Comments: {'02': 2996, '01': 2089, '22': 3372, '21': 4500, '19': 3954, '17': 5547, '15': 18525, '14': 4972, '13': 7245, '11': 2797, '10': 3013, '09': 1477, '07': 1585, '03': 2154, '16': 4466, '08': 2362, '00': 2277, '23': 2297, '20': 4462, '18': 4877, '12': 4234, '04': 2360, '06': 1587, '05': 1838}


#### Calculating the average number of comments ask posts receive by hour created

In [42]:
avg_by_hour = []

for hour in counts_by_hour:
  avg_comments_per_hour = comments_by_hour[hour] / counts_by_hour[hour]
  avg_by_hour.append([hour, avg_comments_per_hour])

print(avg_by_hour)

[['02', 13.198237885462555], ['01', 9.367713004484305], ['22', 11.749128919860627], ['21', 11.056511056511056], ['19', 9.414285714285715], ['17', 13.73019801980198], ['15', 39.66809421841542], ['14', 13.153439153439153], ['13', 22.2239263803681], ['11', 11.143426294820717], ['10', 13.757990867579908], ['09', 8.392045454545455], ['07', 10.095541401273886], ['03', 10.160377358490566], ['16', 10.76144578313253], ['08', 12.43157894736842], ['00', 9.857142857142858], ['23', 8.322463768115941], ['20', 11.38265306122449], ['18', 10.789823008849558], ['12', 15.452554744525548], ['04', 12.688172043010752], ['06', 9.017045454545455], ['05', 11.139393939393939]]

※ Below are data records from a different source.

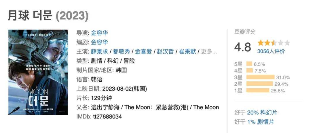 放眼望去韩国电影科幻片少得可怜,能挑出来的大制作如《月球》,豆瓣评分4.8。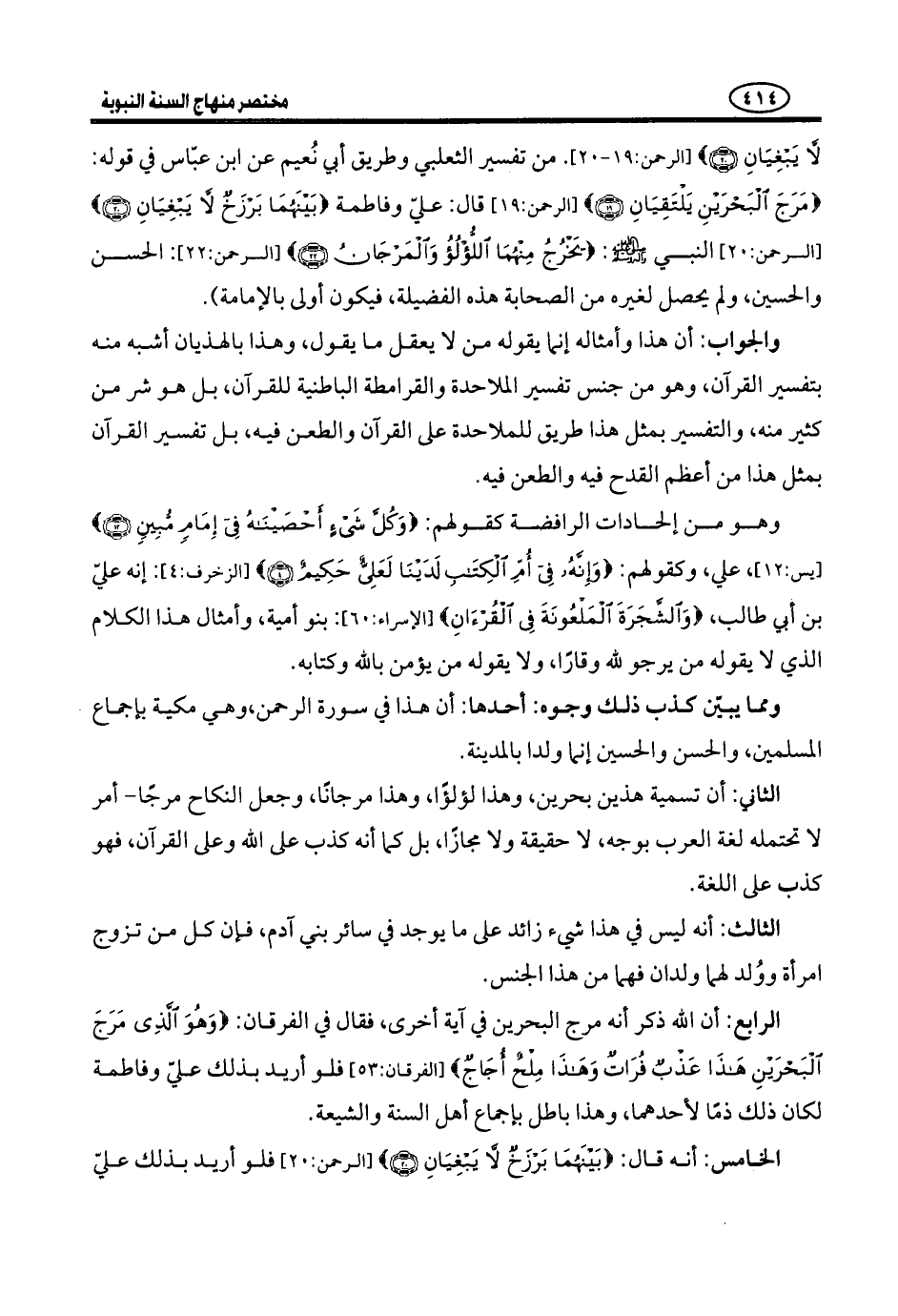 وفاطمة لكان البرزخ هُوَ النَّبِيُّ - صَلَّى اللَّهُ عَلَيْهِ وَسَلَّمَ - بِزَعْمِهِمْ - أَوْ غَيْرُهُ هُوَ الْمَانِعُ لِأَحَدِهِمَا أَنْ يَبْغِيَ عَلَى الْآخَرِ، وَهَذَا بِالذَّمِّ أَشْبَهُ مِنْهُ بِالْمَدْحِ.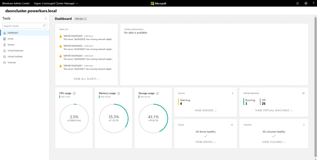 Sobald alle Voraussetzungen für den Betrieb erfüllt sind, können Sie unter anderem solch eine Übersicht über Ihr S2D Cluster haben:

#### Sorting list and showing 5 top results

In [43]:
swap_avg_by_hour = []

for row in avg_by_hour:
  swap_avg_by_hour.append([row[1], row[0]])

print(swap_avg_by_hour)

[[13.198237885462555, '02'], [9.367713004484305, '01'], [11.749128919860627, '22'], [11.056511056511056, '21'], [9.414285714285715, '19'], [13.73019801980198, '17'], [39.66809421841542, '15'], [13.153439153439153, '14'], [22.2239263803681, '13'], [11.143426294820717, '11'], [13.757990867579908, '10'], [8.392045454545455, '09'], [10.095541401273886, '07'], [10.160377358490566, '03'], [10.76144578313253, '16'], [12.43157894736842, '08'], [9.857142857142858, '00'], [8.322463768115941, '23'], [11.38265306122449, '20'], [10.789823008849558, '18'], [15.452554744525548, '12'], [12.688172043010752, '04'], [9.017045454545455, '06'], [11.139393939393939, '05']]


In [44]:
#Top 5 hours with highest average rate of comments
sorted_swap = sorted(swap_avg_by_hour, reverse=True)
print(sorted_swap[:5])

[[39.66809421841542, '15'], [22.2239263803681, '13'], [15.452554744525548, '12'], [13.757990867579908, '10'], [13.73019801980198, '17']]


In [45]:
for row in sorted_swap[:5]:
  hr = dt.datetime.strptime(row[1], '%H')
  hr_formated = hr.strftime('%H:%M')

  conclusion = '{time} -> average {avg:.2f} comments per hour'.format(time=hr_formated, avg=row[0])
  print(conclusion)


15:00 -> average 39.67 comments per hour
13:00 -> average 22.22 comments per hour
12:00 -> average 15.45 comments per hour
10:00 -> average 13.76 comments per hour
17:00 -> average 13.73 comments per hour


## Conclusion
In this dataset I analyze `ASK HN` posts and at what time this type of post receive the most comments.